Segment Start: Data shown
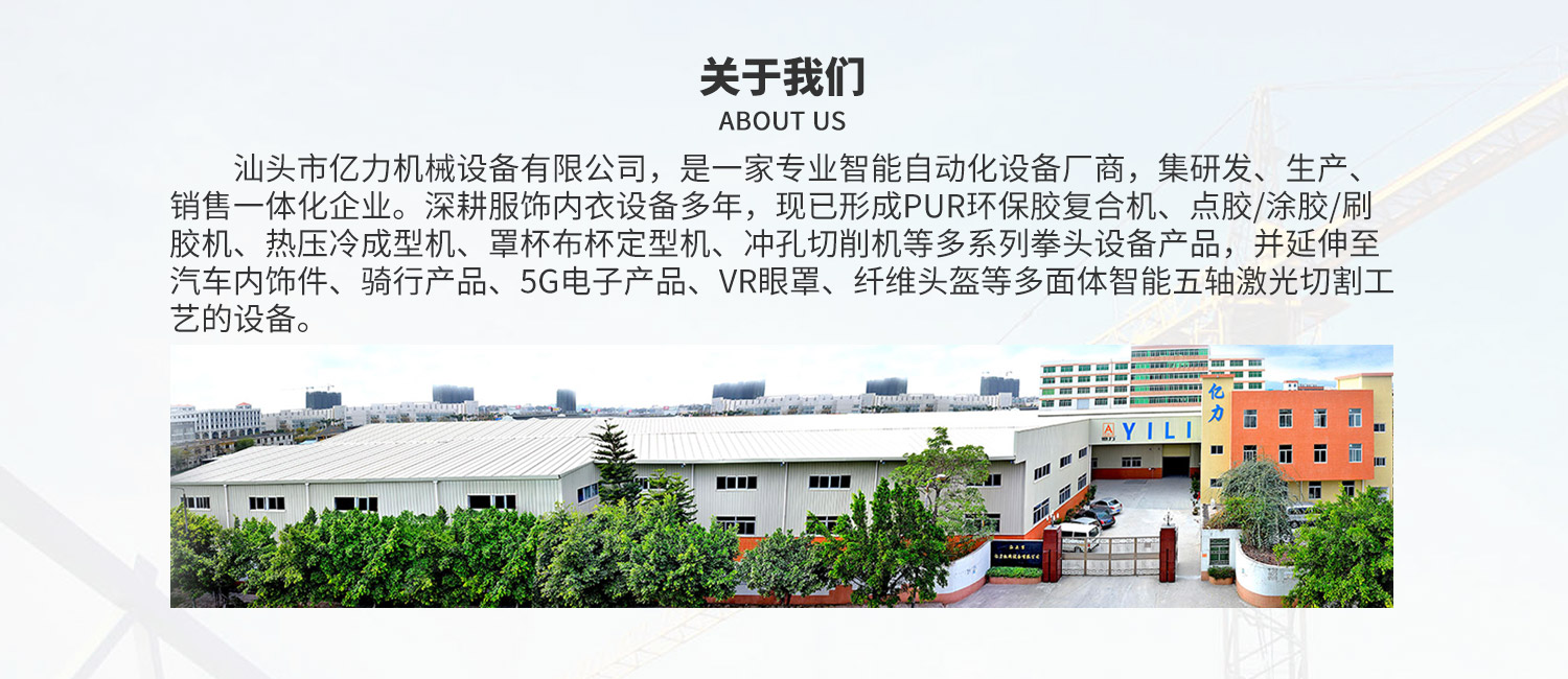 •   汕頭市億力機(jī)械設(shè)備有限公司是一家集研發(fā)、生產(chǎn)銷售于一體的專業(yè)性面料貼合機(jī)械、胸圍模杯機(jī)械、無縫工藝鞋面機(jī)械、口罩生產(chǎn)線和焊耳帶機(jī)械企業(yè)。
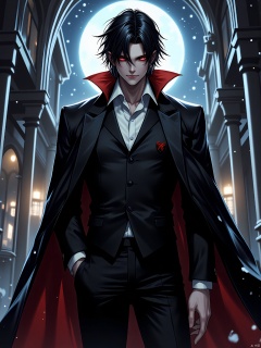 Vampire lord, elegant suit, jet-black hair, crimson eyes, fangs bared, dominant pose, grand castle, moonlit courtyard, seductive gaze, noble vampire.
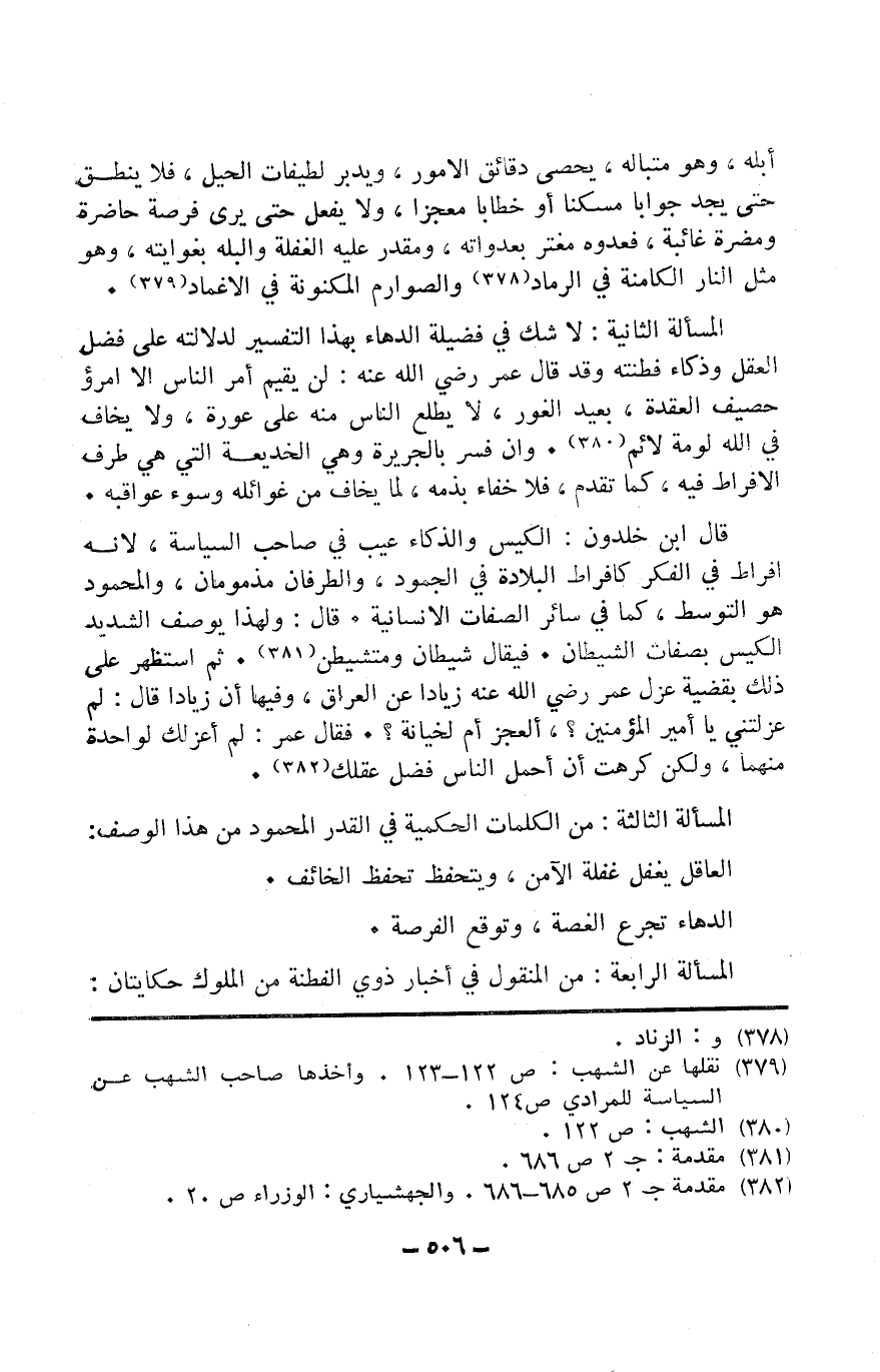 قَالَ ابْن خلدون الْكيس والذكاء عيب فِي صَاحب السياسة لِأَنَّهُ إفراط فِي الْفِكر كإفراط البلادة فِي الجمود والطرفان مذمومان والمحمود هُوَ التَّوَسُّط كَمَا فِي سَائِر الصِّفَات الإنسانية قَالَ وَلِهَذَا يُوصف الشَّديد الْكيس بِصِفَات الشَّيْطَان فَيُقَال شَيْطَان ومتشيطن ثمَّ استظهر على ذَلِك بقضية عزل عمر رَضِي الله عَنهُ زيادا عَن الْعرَاق وفيهَا أَن زيادا قَالَ لم عزلتي يَا أَمِير الْمُؤمنِينَ ألعجز أم لخيانة فَقَالَ عمر لم أعزلك لوَاحِدَة مِنْهُمَا وَلَكِن كرهت أَن أحمل النَّاس فضل عقلك
Segment End: Data shown
**Assignment**
Please repeat exactly the data above from its first line to the line that contains "Vampire lord, elegant", inclusive, and leave every picture out.

**Result of this exercise**
 •   汕頭市億力機(jī)械設(shè)備有限公司是一家集研發(fā)、生產(chǎn)銷售于一體的專業(yè)性面料貼合機(jī)械、胸圍模杯機(jī)械、無縫工藝鞋面機(jī)械、口罩生產(chǎn)線和焊耳帶機(jī)械企業(yè)。
 Vampire lord, elegant suit, jet-black hair, crimson eyes, fangs bared, dominant pose, grand castle, moonlit courtyard, seductive gaze, noble vampire.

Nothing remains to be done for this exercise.